Justice First (Primero Justicia) is a centre-right political party in Venezuela. Founded in 1992 as a civil association, it became a political party in 2000. Henrique Capriles was the candidate of the party in the 2013 Venezuelan presidential election.

== History ==
Justice First was created in 1992 as a civil association by a group of university students under the leadership of Alirio Abreu Burelli. The group was concerned about what they saw as a deterioration of judicial power in the country, and sought a reform of Venezuela's legal system. Abreu Burelli was magistrate of the federal Supreme Court of Justice and Vice President of the Inter-American Court of Human Rights of the Organization of American States (OAS). The association entered the political arena during the 1999 Constituent Assembly of Venezuela, in which they presented a draft for the country's new constitution. Justice First became a political party in 2000, initially as a regional party, and registered as a national party with the National Electoral Council of Venezuela on 1 March 2002.

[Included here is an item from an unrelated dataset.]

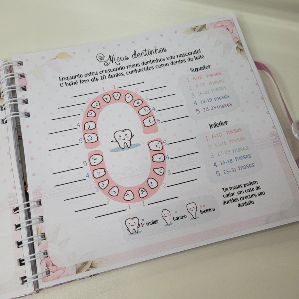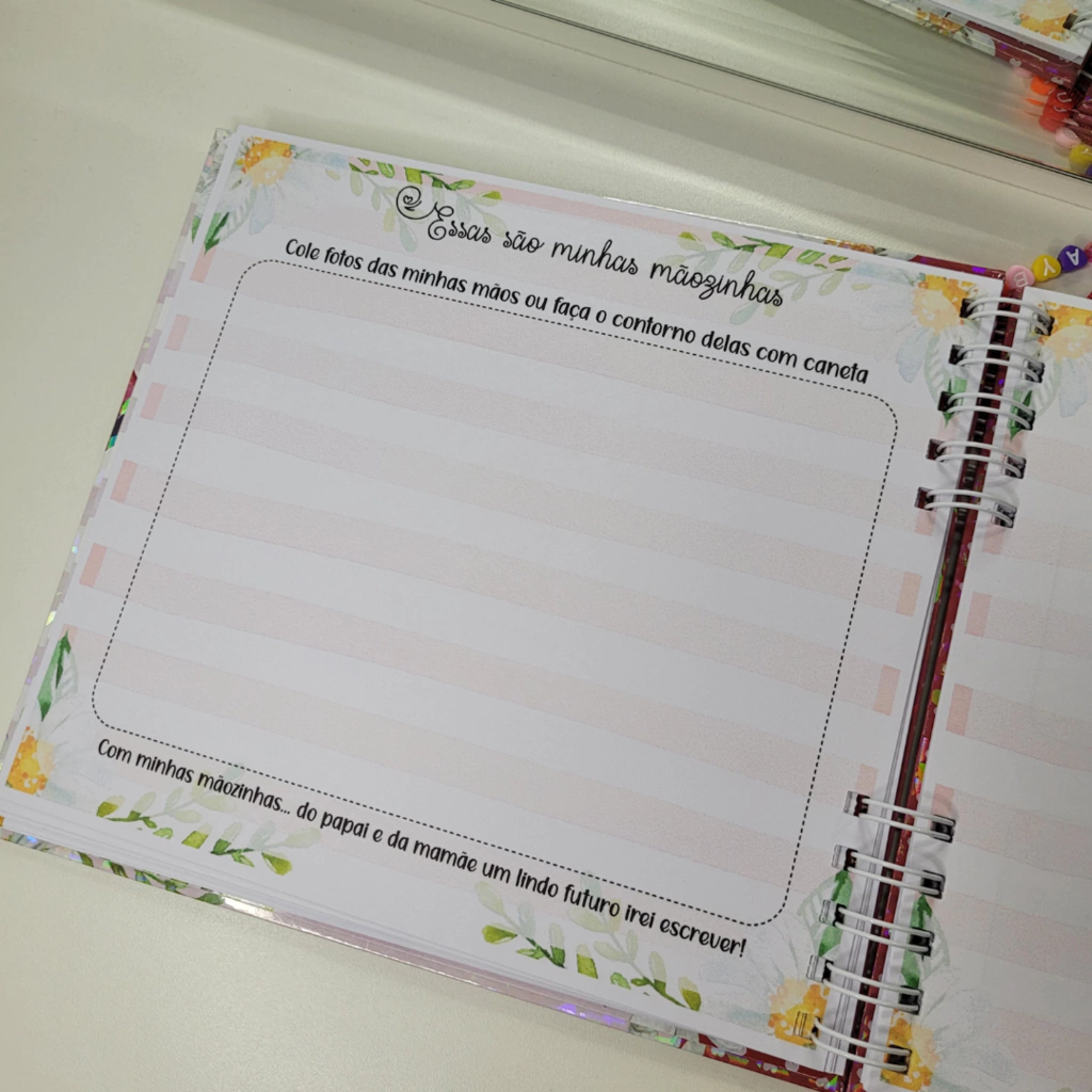 Capture e preserve cada momento especial da vida do seu bebê com o nosso Livro do Bebê Personalizado! Este lindo livro oferece espaço para escrever e colar fotos desde a espera do bebê até seus primeiros anos de vida, acompanhando marcos e datas importantes de forma única e personalizada.
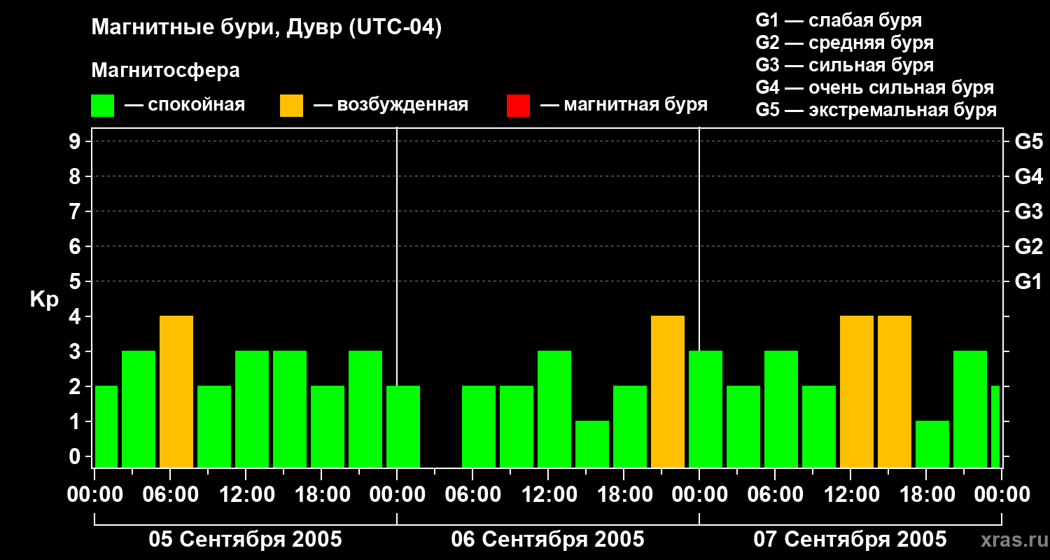 Изменения геомагнитного индекса Kp с 5 по 7 сентября 2005 года для средних широт

In the July 2000 legislative elections, five members of Justice First were elected as deputies to the National Assembly for a five-year term: Carlos Ocariz, Gerardo Blyde, Julio Borges, Ramón Medina and Liliana Hernández. Justice First participated in the last minute opposition boycott of the 2005 elections, so they had no representatives in the Assembly from 2005 to 2010. They contested the 2006 presidential elections with former congressman Julio Borges, but he dropped out of the race in support of Manuel Rosales, then governor of Zulia State, and former Mayor of Maracaibo. Henrique Capriles Radonski was elected governor of Miranda in 2008. The party had six deputies elected at the 2010 parliamentary elections: Tomas Guanipa in Zulia, Juan Carlos Caldera and Julio Borges in Miranda, Dinorah Figuera in the capital district, Richard Mardo in Aragua, and Richard Arteaga in Anzoátegui.

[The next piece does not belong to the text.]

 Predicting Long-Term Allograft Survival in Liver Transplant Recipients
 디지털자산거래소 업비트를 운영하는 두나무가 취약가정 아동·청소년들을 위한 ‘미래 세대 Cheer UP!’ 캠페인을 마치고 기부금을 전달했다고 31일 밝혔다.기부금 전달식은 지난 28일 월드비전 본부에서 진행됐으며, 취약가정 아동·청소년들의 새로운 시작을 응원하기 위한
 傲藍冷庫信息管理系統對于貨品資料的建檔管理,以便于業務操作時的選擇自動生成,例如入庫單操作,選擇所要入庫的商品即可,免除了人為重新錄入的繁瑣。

In December 2019, in Operación Alacrán, the website Armando.info published an investigation on corruption among opposition politicians, leading to the expulsion of deputies, including Luis Parra, José Brito and Conrado Pérez, from PJ. In 2020, José Brito and Conrado Pérez filed a complaint in the Supreme Tribunal of Justice against the leadership of Justice First. The deputies asked to be restituted in the party, saying that there was no justification to be expelled, and that their due process and presumption of innocence had not been respected. They also asked the high court to appoint a new leadership "that was in Venezuela", since the current one was in exile, and to summon new internal elections.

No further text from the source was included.